UltraRAG provides two lightweight integration methods — ToolCall and PipelineCall — allowing you to invoke UltraRAG capabilities directly from your own Python code.
If you only need a specific UltraRAG feature such as data loading, embedding, or retrieval — without running a full RAG pipeline — you can call UltraRAG tools just like regular Python functions using ToolCall.
Before using ToolCall, you must call initialize to specify which UltraRAG servers to activate.
It is recommended to set server_root to the absolute path of the UltraRAG servers directory, such as /home/user/project/UltraRAG/servers.
script/api_usage_example.py
from ultrarag.api import initialize, ToolCall
initialize(["benchmark"], server_root="servers")
benchmark_param_dict = {
"key_map": {
"gt_ls": "golden_answers",
"q_ls": "question"
},
"limit": -1,
"seed": 42,
"name": "nq",
"path": "data/sample_nq_10.jsonl",
}
benchmark = ToolCall.benchmark.get_data(benchmark_param_dict)
You can call the tool exactly like a normal Python function — simply pass the required arguments.
script/api_usage_example.py
from ultrarag.api import initialize, ToolCall
initialize(["benchmark", "retriever"], server_root="servers")
benchmark_param_dict = {
"key_map": {
"gt_ls": "golden_answers",
"q_ls": "question"
},
"limit": -1,
"seed": 42,
"name": "nq",
"path": "data/sample_nq_10.jsonl",
}
benchmark = ToolCall.benchmark.get_data(benchmark_param_dict)
query_list = benchmark["q_ls"]
retriever_init_param_dict = {
"model_name_or_path": "Qwen/Qwen3-Embedding-0.6B",
}
ToolCall.retriever.retriever_init(**retriever_init_param_dict)
result = ToolCall.retriever.retriever_search(
query_list=query_list,
top_k=5,
)
retrieve_passages = result["ret_psg"]
You only need to provide parameters that you want to override. Other fields will be automatically filled using defaults from the server’s parameter file.
PipelineCall
If you want to run an entire UltraRAG Pipeline programmatically and obtain the output of each step, you can use PipelineCall.

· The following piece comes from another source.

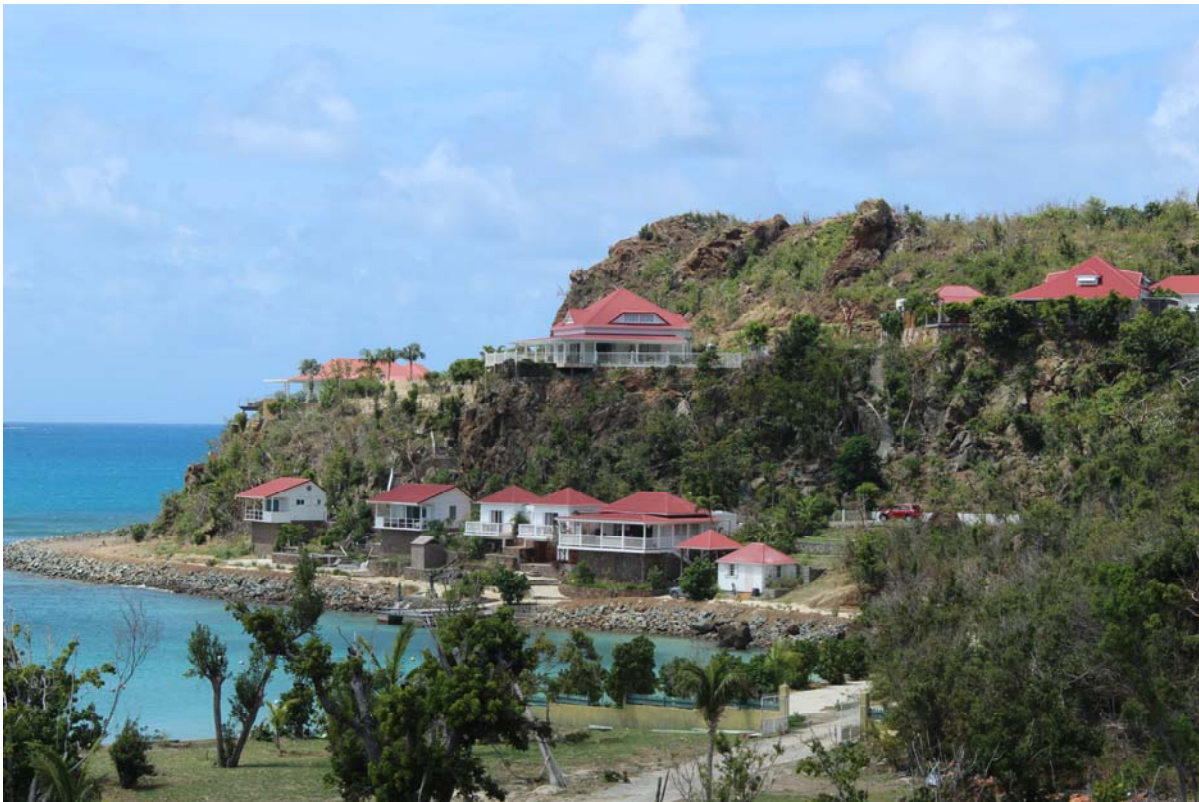
One of the amazing home sites on St. Barths

You must first generate pipeline_parameter.yaml and related configuration files using UR‑v2’s build command.
script/api_usage_example.py
from ultrarag.api import PipelineCall
result = PipelineCall(
pipeline_file="examples/rag_deploy.yaml",
parameter_file="examples/parameter/rag_deploy_parameter.yaml",
)
final_step_result = result["final_result"]
all_steps_result = result["all_results"]
final_result contains the output of the pipeline’s last step, while all_results includes every step’s result.